1.28 Kubernetes Availability Control Definition
Kubernetes Availability Control ensures service reliability by managing pod availability with readiness and liveness probes.
Kubernetes Availability Control Definition is the precise characterization of PodDisruptionBudgets as the specific mechanism through which Kubernetes constrains voluntary disruptions to a workload, defined narrowly by the distinction between disruptions an operator deliberately initiates and disruptions that occur involuntarily, since only the former falls within its scope.
Voluntary vs. Involuntary Disruption as the Defining Distinction
Voluntary Disruptions Are Operator-Initiated
A voluntary disruption is defined as an action deliberately taken by a cluster operator or automated process, such as draining a node for maintenance or upgrading a workload's underlying nodes, where the timing and occurrence of the disruption are within someone's control.

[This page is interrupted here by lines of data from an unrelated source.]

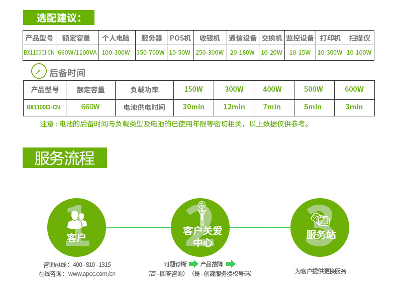 | 更換電池 | APCRBC113 | 預期電池壽命(年) | 3 - 5 |
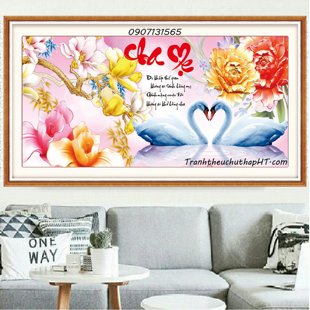 Tranh thêu chữ thập Cha mẹ LV3065 - tự thêu
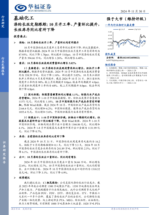 【华福证券】【20241130】基础化工行业涤纶长丝定期跟踪:10月开工率、产量环比提升,长丝库存同比有所下降-12页
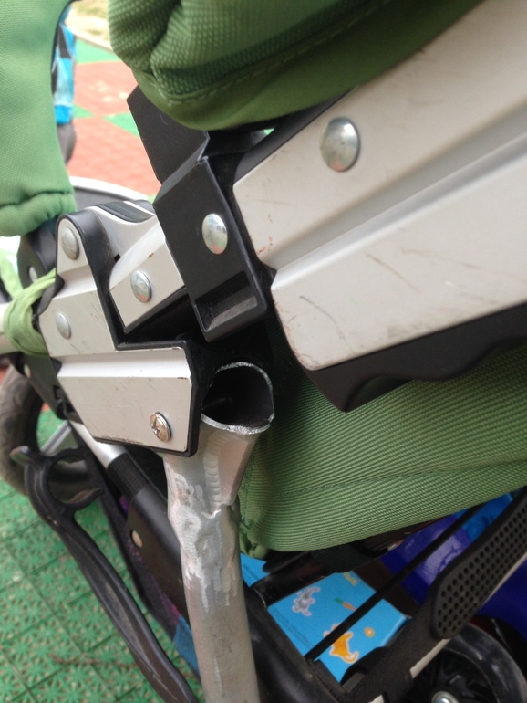 тоже думала, все прощай колясочка, но нет, сначала хотели сварить, но сказали, что не выйдет, обратились к токарю, он нам выточил такую же трубку со всеми прорезями, только теперь нет заводских клепок.
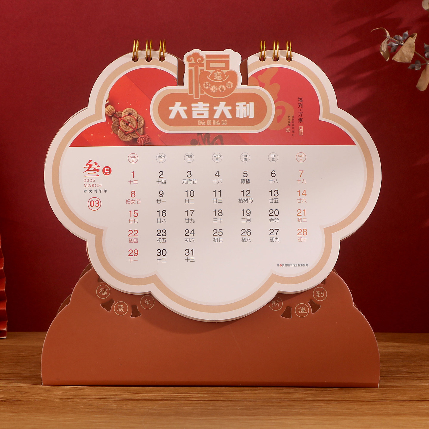 马年台历2026年创意吉庆造型新款桌面摆件记事国潮新年礼品台历印刷设计定制中国风家用公司企业月历订制广告
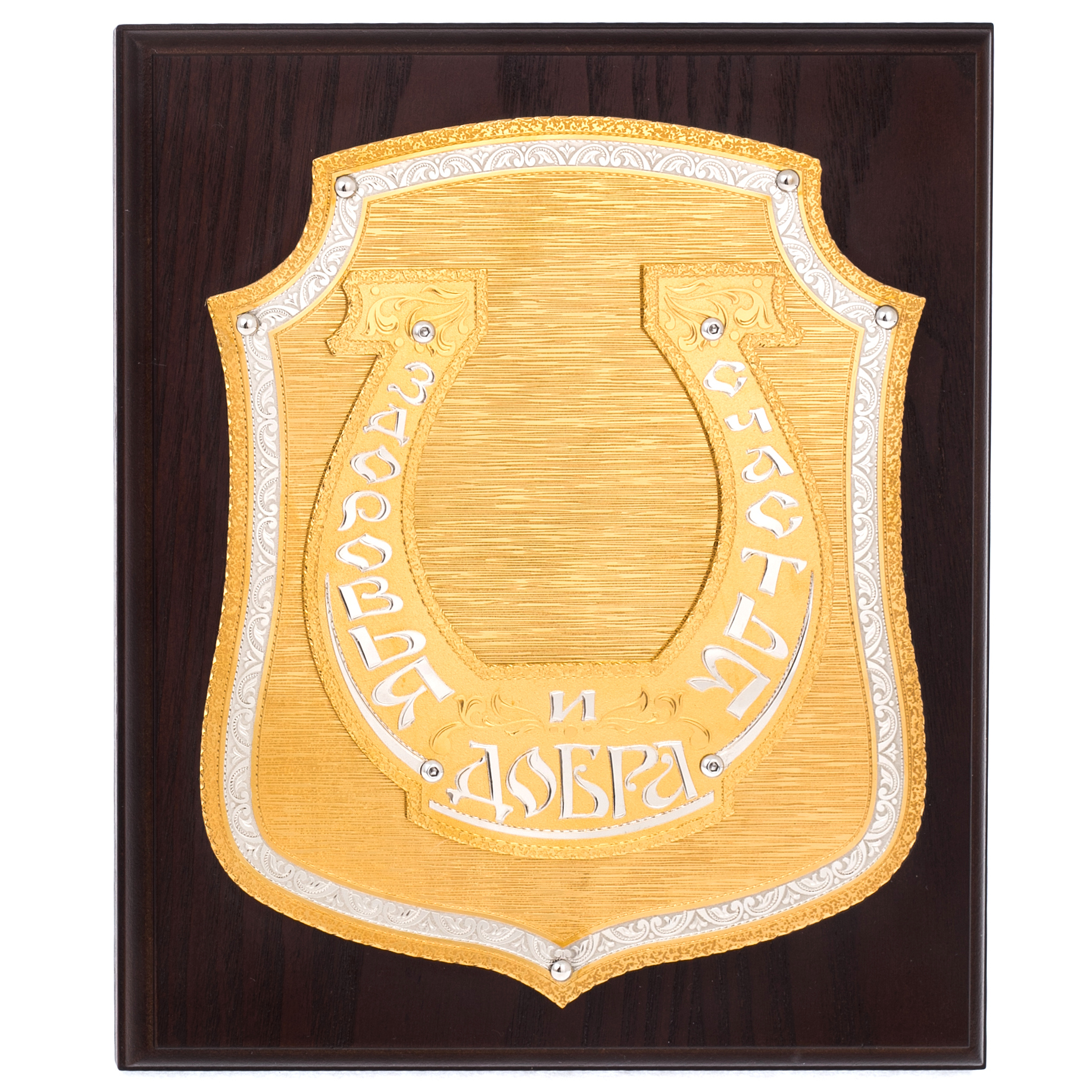 Плакетка на подставке с символом подковы являет собой изысканный декоративный объект, созданный для тех, кто ценит знаки благополучия, исполненные в роскошной, торжественной манере. Основу изделия формирует темное благородное дерево, обладающее ровной текстурой и глубоким матовым блеском. Его поверхность послужила фоном для массивной золочёной пластины, выполненной в технике златоустовского травления. Подкова, помещённая в центр щита, выделена рельефом, сложным орнаментальным полем и серебристой гравировкой, формирующей надпись «Здоровья, счастья и добра». Каждый завиток и каждая линия выгравированы предельно чётко, подчеркивая статусный характер подарка.

Involuntary Disruptions Fall Outside This Definition
An involuntary disruption, such as a node crashing unexpectedly or a hardware failure, is explicitly excluded from what a PodDisruptionBudget governs; these events are addressed instead by the self-healing behavior of workload controllers and the scheduler, not by disruption budgets.
PodDisruptionBudget Defined by Its Guarantee
A Minimum Availability Floor
A PodDisruptionBudget is defined by the specific guarantee it enforces: a minimum number, or minimum percentage, of a workload's Pods that must remain available at any point during a sequence of voluntary disruptions, expressed either as minAvailable or maxUnavailable.
Enforced by Blocking, Not by Preventing the Triggering Action
The definition specifies that a PodDisruptionBudget does not prevent a node drain or similar operation from being initiated; rather, it causes the eviction of specific Pods to be blocked if performing that eviction would violate the configured availability floor, until enough other Pods become available again.
Scope of Application
Tied to a Selector, Not to a Specific Controller Type
A PodDisruptionBudget is defined by the Pods it applies to through a label selector, rather than by being tied to any single kind of workload controller; it can apply to Pods managed by a Deployment, a StatefulSet, or any other controller, so long as the selector matches them.
Applies Only While Disruptions Are Requested
The budget's constraint is defined to take effect only at the moment a voluntary disruption, such as an eviction request, is attempted; it imposes no restriction on a workload's Pods outside the context of such a request being made.
What Falls Outside This Definition
Not a General Reliability Guarantee
A PodDisruptionBudget is defined narrowly around the specific scenario of voluntary disruption; it does not by itself guarantee replication, spread across failure domains, or recovery from involuntary failures, each of which is governed by separate, independently defined mechanisms.